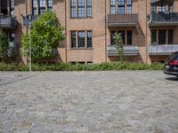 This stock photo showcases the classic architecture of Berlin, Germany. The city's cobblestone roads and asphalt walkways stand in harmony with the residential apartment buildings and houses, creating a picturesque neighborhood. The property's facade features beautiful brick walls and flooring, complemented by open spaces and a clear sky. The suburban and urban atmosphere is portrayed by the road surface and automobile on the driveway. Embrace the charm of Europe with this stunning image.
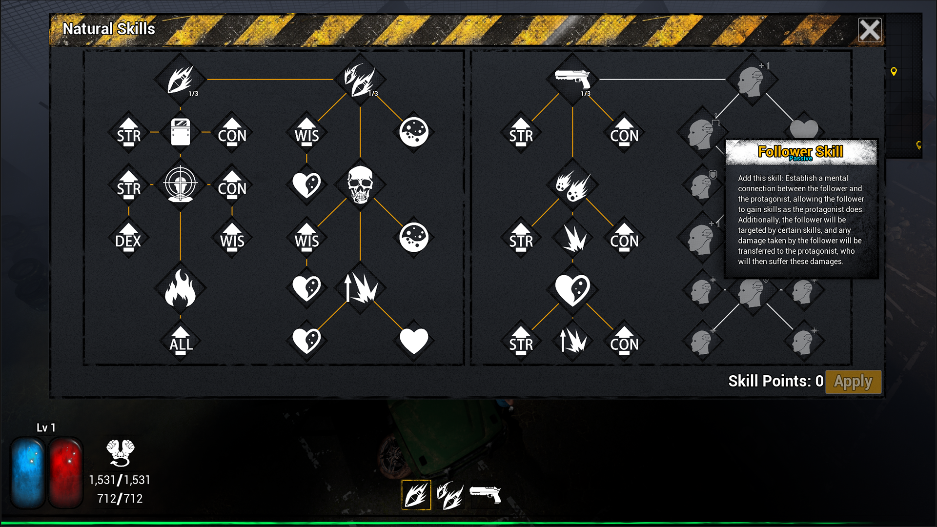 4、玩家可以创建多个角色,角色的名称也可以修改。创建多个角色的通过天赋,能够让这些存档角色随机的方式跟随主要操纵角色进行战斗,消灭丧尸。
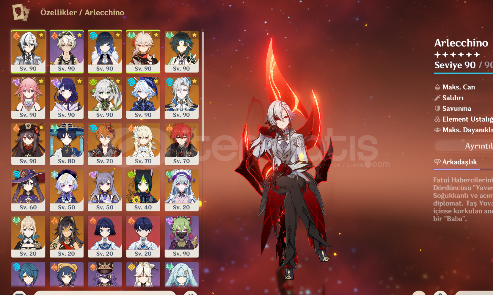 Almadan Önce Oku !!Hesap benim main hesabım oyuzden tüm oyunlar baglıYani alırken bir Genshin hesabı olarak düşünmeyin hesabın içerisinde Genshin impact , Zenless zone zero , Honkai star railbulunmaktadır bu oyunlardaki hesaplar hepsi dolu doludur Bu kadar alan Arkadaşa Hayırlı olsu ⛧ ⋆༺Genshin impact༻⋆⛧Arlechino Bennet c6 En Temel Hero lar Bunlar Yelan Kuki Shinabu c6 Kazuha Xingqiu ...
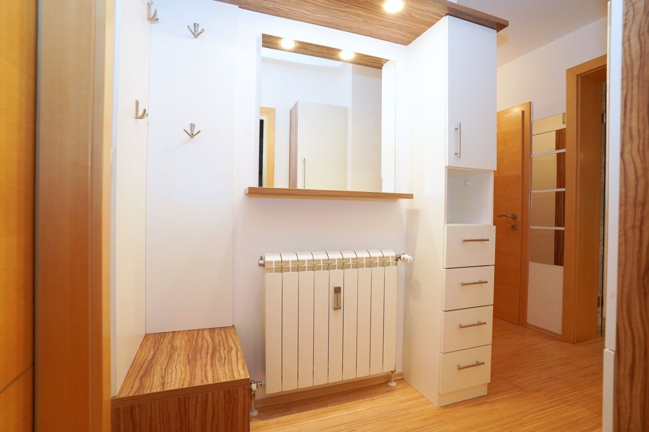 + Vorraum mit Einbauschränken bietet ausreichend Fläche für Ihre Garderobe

--

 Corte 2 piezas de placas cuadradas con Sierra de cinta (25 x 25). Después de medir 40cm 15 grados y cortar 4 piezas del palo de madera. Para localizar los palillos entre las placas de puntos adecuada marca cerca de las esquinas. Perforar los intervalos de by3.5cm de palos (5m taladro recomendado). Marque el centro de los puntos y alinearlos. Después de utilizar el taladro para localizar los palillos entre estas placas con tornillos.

→ **TASK DETAILS**:
A verbatim reproduction is expected: starting at the line above that has "Almadan Önce Oku", ending at the line that has "für Ihre Garderobe", both included, and with no pictures and no other lines.

→ **ANSWER BELOW**:
 Almadan Önce Oku !!Hesap benim main hesabım oyuzden tüm oyunlar baglıYani alırken bir Genshin hesabı olarak düşünmeyin hesabın içerisinde Genshin impact , Zenless zone zero , Honkai star railbulunmaktadır bu oyunlardaki hesaplar hepsi dolu doludur Bu kadar alan Arkadaşa Hayırlı olsu ⛧ ⋆༺Genshin impact༻⋆⛧Arlechino Bennet c6 En Temel Hero lar Bunlar Yelan Kuki Shinabu c6 Kazuha Xingqiu ...
 + Vorraum mit Einbauschränken bietet ausreichend Fläche für Ihre Garderobe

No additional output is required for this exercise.